Photograph by Natalie Castellino

Photograph by Natalie Castellino

Could Canada cause multiple sclerosis? That’s one takeaway from a new campaign being rolled out by the Multiple Sclerosis Society of Canada that brands MS “Canada’s disease” based on data that the country is home to the world’s highest incidence of the incurable degenerative condition. “Welcome to MS nation,” one billboard reads. “World leader in hockey, maple syrup and multiple sclerosis,” the EndMS.ca website claims. Some messaging appears designed to quash the country’s appeal as an immigration destination: “In Canada, you have a greater risk of developing MS than in any other country,” the campaign reports, noting risk jumps for those who immigrate. The whys of this dubious distinction remain unanswered: “Is it our climate? Our diet? A lack of vitamin D?” No answers are given. But, as with all advertising, hope is extended: “We’re getting close to understanding why.”

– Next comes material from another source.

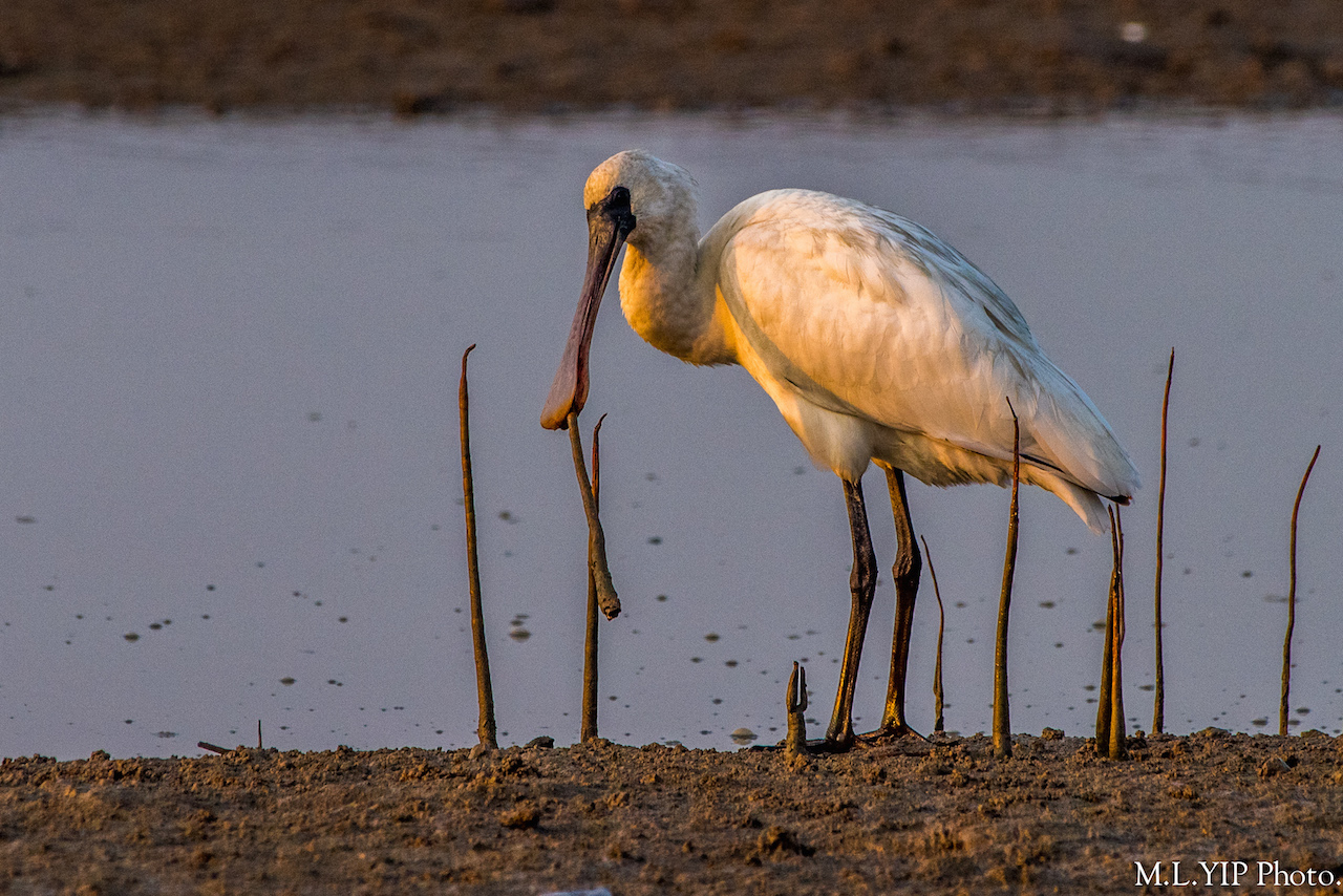這隻黑臉琵鷺,不知何解,一早就在泥灘上拔掉一些紅樹.

The campaign’s directive, “What Will You Do: Flee or Fight?” plays on Canadians’ willingness to take on a challenge, says Owen Charters, the MS Society’s chief marketing and development officer. Those who click “flee” on the website are greeted with the “bawk, bawk” of chickens and links to tongue-in-cheek factoids about countries with a lower incidence of MS (of Mexico: “It’s a macho country, so consider packing at least two sleeveless shirts”) and a Government of Canada website where one can renounce Canadian citizenship. “We wanted to have fun,” says Charters. The “fight” option links to “personal fight stories” of people with MS, reference to vitamin D and pregnancy as possible preventative factors, along with ways to contribute to the society. A social media campaign beginning in May will goad people to “prove how Canadian they are,” which, if Canada is “MS Nation,” means pledging to the MS Society.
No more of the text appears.